Über den Fall Ilan Pappe
von Ilan Pappe
14.05.2002 — ZNet
Liebe Freunde,
heute hat mich ein Brief erreicht, in dem ich aufgefordert werde, mich vor einem Tribunal meiner Universität zu verantworten - der Universität von Haifa. Die 'Staatsanwaltschaft', repräsentiert durch den Fakultätsvorstand, verlangt meinen Rauswurf von der Universität und zwar wegen meiner Haltung in der Affäre Katz. Die 'Staatsanwaltschaft' verlangt vom Tribunal, "Dr. Pappe für die Verstöße, die er begangen hat, zu verurteilen und dabei die zu Gebrauch stehenden rechtlichen Mittel voll auszuschöpfen, das heißt, Dr. Pappe von der Universität zu entfernen".
Diese 'Verstöße' bestehen, kurz gesagt, in meiner Kritik am Verhalten der Universitätsleitung in der Affäre Katz - eines MA-Studenten, der das 'Tantura-Massaker' von 1948 aufgedeckt hat u. deswegen disqualifiziert wurde. Der Grund, weshalb die Universität (in meinem Fall) so lange gewartet hat, ist, daß die Zeit in Israel erst jetzt reif ist, die Akademische Freiheit mundtot zu machen.
Mein Vorhaben, im nächsten Jahr ein Seminar über den 'Nakbah'* abzuhalten sowie meine Unterstützung für einen Boykott gegen Israel, haben die Universität wohl zu dem Schluß gebracht, daß ich nur durch einen Rauswurf zu stoppen bin.
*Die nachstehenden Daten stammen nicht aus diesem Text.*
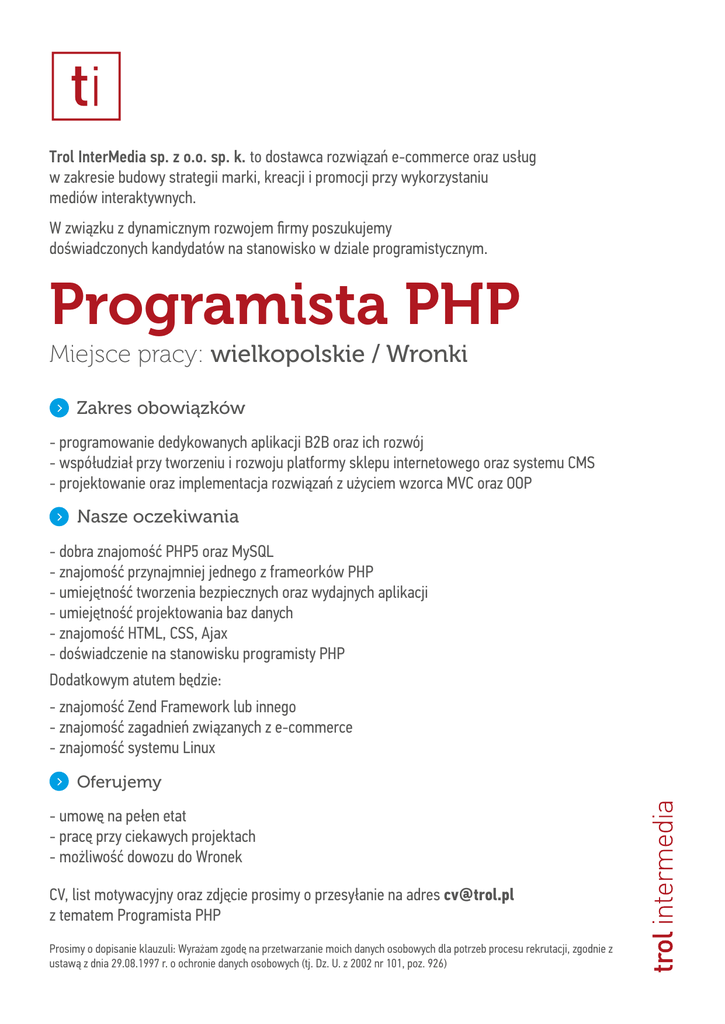 Trol InterMedia sp. z o.o. sp. k. to dostawca rozwiązań e-commerce oraz usług w zakresie budowy strategii marki, kreacji i promocji przy wykorzystaniu mediów interaktywnych. W związku z dynamicznym rozwojem firmy poszukujemy doświadczonych kandydatów na stanowisko w dziale programistycznym. Programista PHP Miejsce pracy: wielkopolskie / Wronki Zakres obowiązków - programowanie dedykowanych aplikacji B2B oraz ich rozwój - współudział przy tworzeniu i rozwoju platformy sklepu internetowego oraz systemu CMS - projektowanie oraz implementacja rozwiązań z użyciem wzorca MVC oraz OOP Nasze oczekiwania - dobra znajomość PHP5 oraz MySQL - znajomość przynajmniej jednego z frameorków PHP - umiejętność tworzenia bezpiecznych oraz wydajnych aplikacji - umiejętność projektowania baz danych - znajomość HTML, CSS, Ajax - doświadczenie na stanowisku programisty PHP Dodatkowym atutem będzie: - znajomość Zend Framework lub innego - znajomość zagadnień związanych z e-commerce - znajomość systemu Linux Oferujemy - umowę na pełen etat - pracę przy ciekawych projektach - możliwość dowozu do Wronek CV, list motywacyjny oraz zdjęcie prosimy o przesyłanie na adres [email protected] z tematem Programista PHP Prosimy o dopisanie klauzuli: Wyrażam zgodę na przetwarzanie moich danych osobowych dla potrzeb procesu rekrutacji, zgodnie z ustawą z dnia 29.08.1997 r. o ochronie danych osobowych (tj. Dz. U. z 2002 nr 101, poz. 926)

Davon ausgehend wie in früheren Fällen verfahren wurde, ist das hier wohl keine bloße Vorladung sondern bereits mein Urteil. Das hängt natürlich auch mit der Stellung der betroffenen Person an der Uni zusammen u. damit, wie solche Dinge in der Vergangenheit bereits gehandhabt wurden.
Nicht einmal der Schein eines 'fairen Prozesses' ist hier ja gegeben, und ich hege daher keinerlei Verlangen, an dieser Scharade im McCarthy-Stil teilzunehmen.
Ich appelliere an Sie - und zwar nicht in meinem eigenen Interesse. In diesem Stadium der Angelegenheit, bevor das endgültiges Urteil (über mich) gefällt wird, bitte ich Sie vielmehr dringend, äußern Sie Ihre Meinung zu diesem Fall - und zwar in jeder Weise, die Ihnen möglich ist bzw. auf jeder Ihnen zugänglichen Ebene.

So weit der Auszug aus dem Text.